Deformations and natural vibration frequency of a three-dimensional truss in a multi-storey building

Introduction. The analysis of deformations arising under the action of various loads and natural vibration frequencies is an integral part of the structural analysis of a multi-storey building. As a rule, this analysis is performed numerically in various systems using the finite element method and specialized software programmes. Analytical solutions are rare, but they are needed to evaluate the numerical ones and calculate simplified models of structures. The task is to find the analytical dependence of the frame deflection in a multi-storey building and its first natural frequency on the number of panels. The mass of the truss model is assumed to be distributed uniformly over the nodes. Only horizontal displacements of masses are taken into account. Materials and methods.

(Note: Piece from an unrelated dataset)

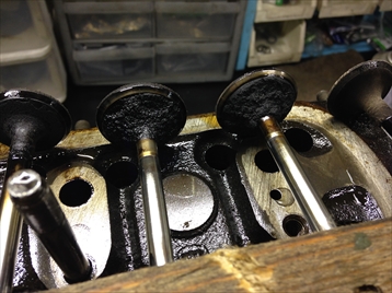 | 続いてヘッドのオーバーホール ん〜、いい感じでガ〜ッチリ、たぁ〜ぷり カーボンが積もってますねェ! オイルが入ってしまっていたのですね |

To calculate the forces arising in the rods of a statically determinate truss using the method of joint isolation in the alphameric form, the software compiled in the Maple math system is applied. The calculation of displacements of nodes is performed using the Mohr integral. The Dunkerley method allows finding the analytical form of the lower estimate of the first frequency of natural vibrations for an arbitrary number of storeys in a building. The analysis of a series of solutions, made in the alphameric form for trusses with a successively growing number of panels allows deriving the final vibration frequency formula. When determining the natural vibrations of the characteristic matrix, the Eigenvalues operator from the LinearAlgebra package was used. Results. The resulting formulas used to analyze the deflection (horizontal displacement) of a structure under the action of a horizontal lateral load and the formula for estimating the first vibration frequency have simple forms, convenient for the quick verification of numerical solutions and preliminary evaluation of the behaviour of a designed structure. Conclusions. The proposed spatial statically determinate model of a multi-storey building allows deriving formulas for the analysis of deformations and natural frequencies of a structure with an arbitrary number of storeys. Resulting formulas can be applied to solve optimization tasks and serve as the basis for calculating a more complex statically indeterminate model of a structure.